50k databases: does this work?


(Paul) #1

Hello,

I’m a newbie and try to figure out, if CR does fit to our use case.

How does CR perform with a large number of (relatively) small databases? Like 50k databases, 30 tables each?

Thanks,

Paul


(Ron Arévalo) #2

Hey @paul

We’d like to know a bit more about your use case. What is the reason behind splitting your data in this way?

I am assuming that you are wanting to split this data into different tables based on some property like an app or user id. If that is the case then I would suggest creating 1 table and creating an index on that property, if you go that route you’ll want to include the indexed column whenever you query the table.

Does that help? Let me know if you have any more questions.

Thanks,

Ron


(Paul) #3

Hey Ron,

thanks for the quick reply.

No, we need a different database structure (tables, fields) for every customer. So that every customer gets it’s own, customized database.

Thanks,

Paul


(Ron Arévalo) #4

Hey @paul,

At the moment we are not optimized for such a large number of DB’s, but we would interested to see the outcomes of any testing that you may do. Depending on the schema and the characteristics of your workload, you may find that CRDB performs at an acceptable level.
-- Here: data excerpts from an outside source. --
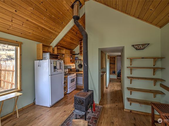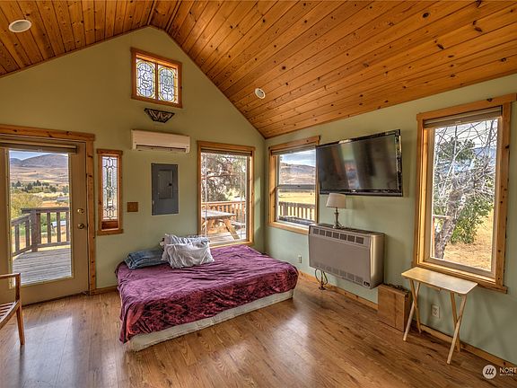 1 bdrm, 1 bath cabin with sleeping loft, and bonus room. Vaulted ceiling with both wood free standing stove, propane wall heat, and mini splits for heating and cooling. Enjoy the glorious outdoors from the decks with ample entertaining space. Fenced garden area, and storage sheds. Large 20 acres has two sides bordering vast public lands of Washington State Fish and Wildlife. Recreation abounds for hiking, biking, and riding right out your back door. Secluded dead end street with picturesque views of the meadow framed by the hills surrounding the beautiful Methow Valley.. Sweeping grasslands with abundant wildflowers in a pastoral setting. Versatile as full time or part time retreat with easy year round access. A hard to find opportunity.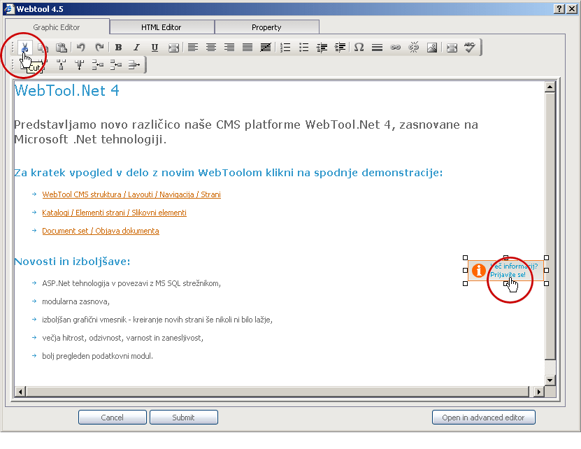 - Kliknemo na gumb izreži "Cut" ali na tipkovnici pritisnemo tipko izbriši <Delete>.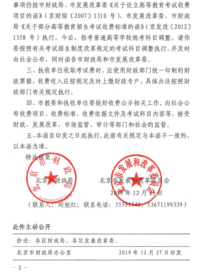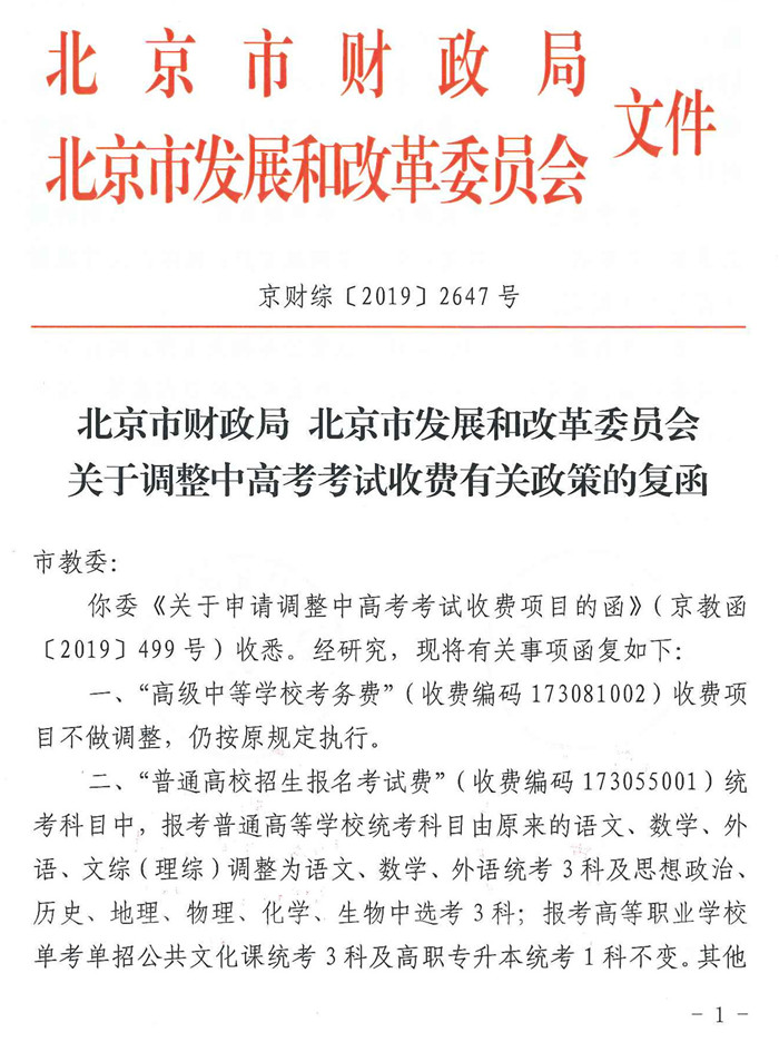 北京市财政局北京市发展和改革委员会关于调整中高考考试收费有关政策的复函

If not, more detail about your DDL and the results of your testing will help us improve the product down the road.

Thanks,

Ron


(Paul) #5

Hey @ronarev,

we are still in the first steps with CRDB, but it look really cool so far! Very promising product.
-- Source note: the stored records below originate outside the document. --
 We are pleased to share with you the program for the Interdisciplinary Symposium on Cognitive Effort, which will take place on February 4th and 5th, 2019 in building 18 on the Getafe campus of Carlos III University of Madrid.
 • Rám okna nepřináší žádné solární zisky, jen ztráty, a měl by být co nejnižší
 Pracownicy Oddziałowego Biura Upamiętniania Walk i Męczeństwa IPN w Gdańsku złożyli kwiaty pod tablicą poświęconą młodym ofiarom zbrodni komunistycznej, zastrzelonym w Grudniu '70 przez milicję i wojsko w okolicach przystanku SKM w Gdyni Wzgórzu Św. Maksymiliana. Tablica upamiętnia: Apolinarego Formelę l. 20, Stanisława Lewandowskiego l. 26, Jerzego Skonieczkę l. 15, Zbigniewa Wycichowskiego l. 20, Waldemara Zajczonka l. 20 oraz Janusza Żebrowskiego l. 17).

Right now we are adding it to our Kubernetes-based production environment, and will use it parallel to Postgres in a small part of the product.
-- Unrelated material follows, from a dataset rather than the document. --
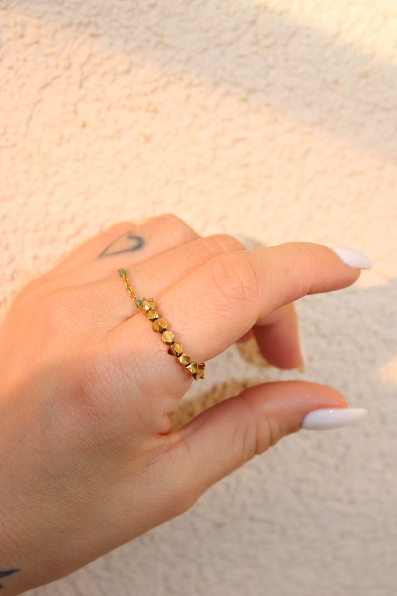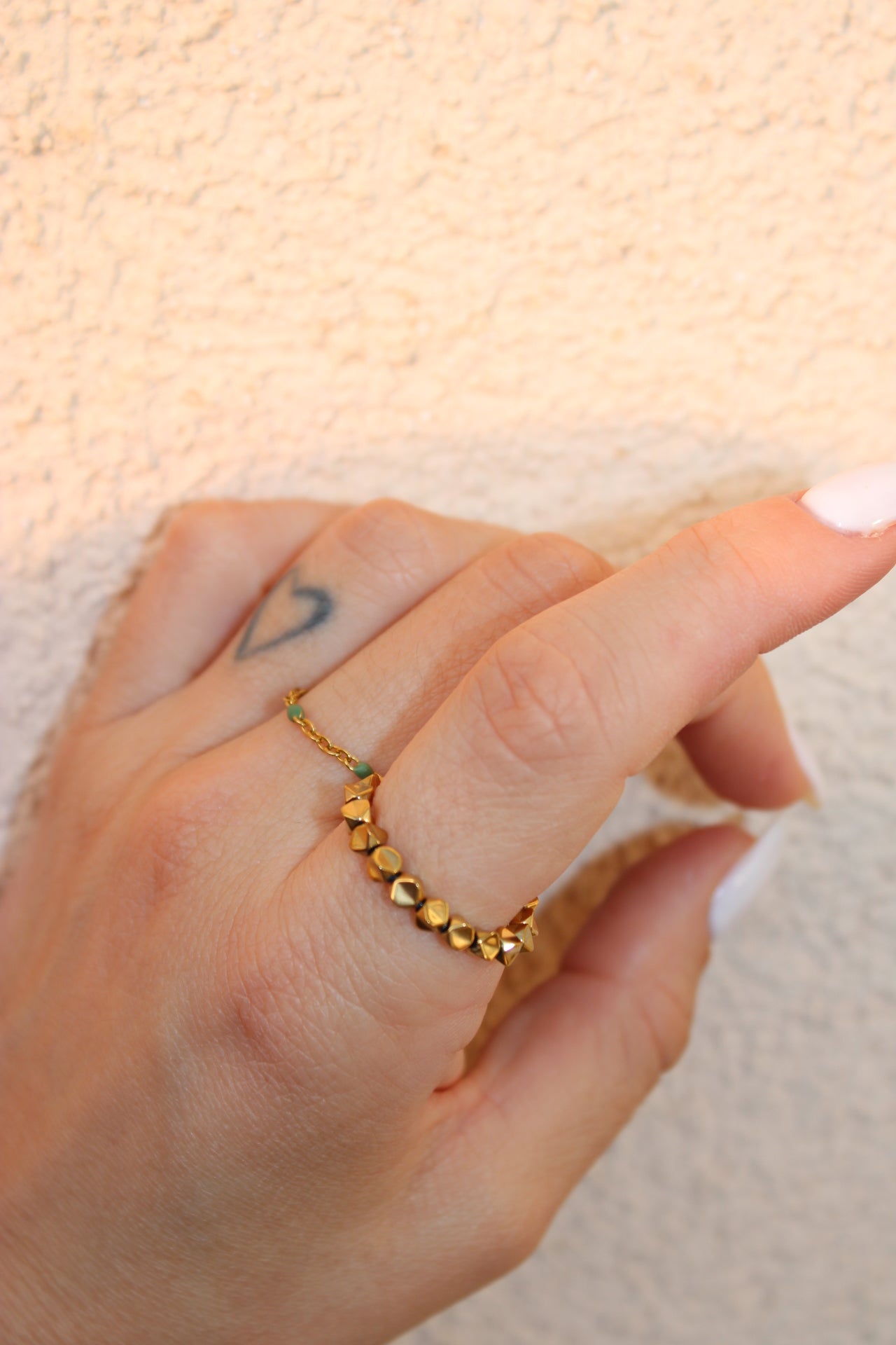 Bague en perles hématite dorées.

Can you tell a bit more about what is the limiting factor with many databases? RAM? What could slowdown the queries?


(Ron Arévalo) #6

Hey @paul

You can run into many issues when moving towards a multi-tenant database. At the moment Cockroach 2.1 has only been tested for up to 8k tables. You may start to see new sources of resource contention. Some of the known limitations deal with the number of ranges a node can support. We have a Github issue that goes into some more detail on limitation here.

Thanks,

Ron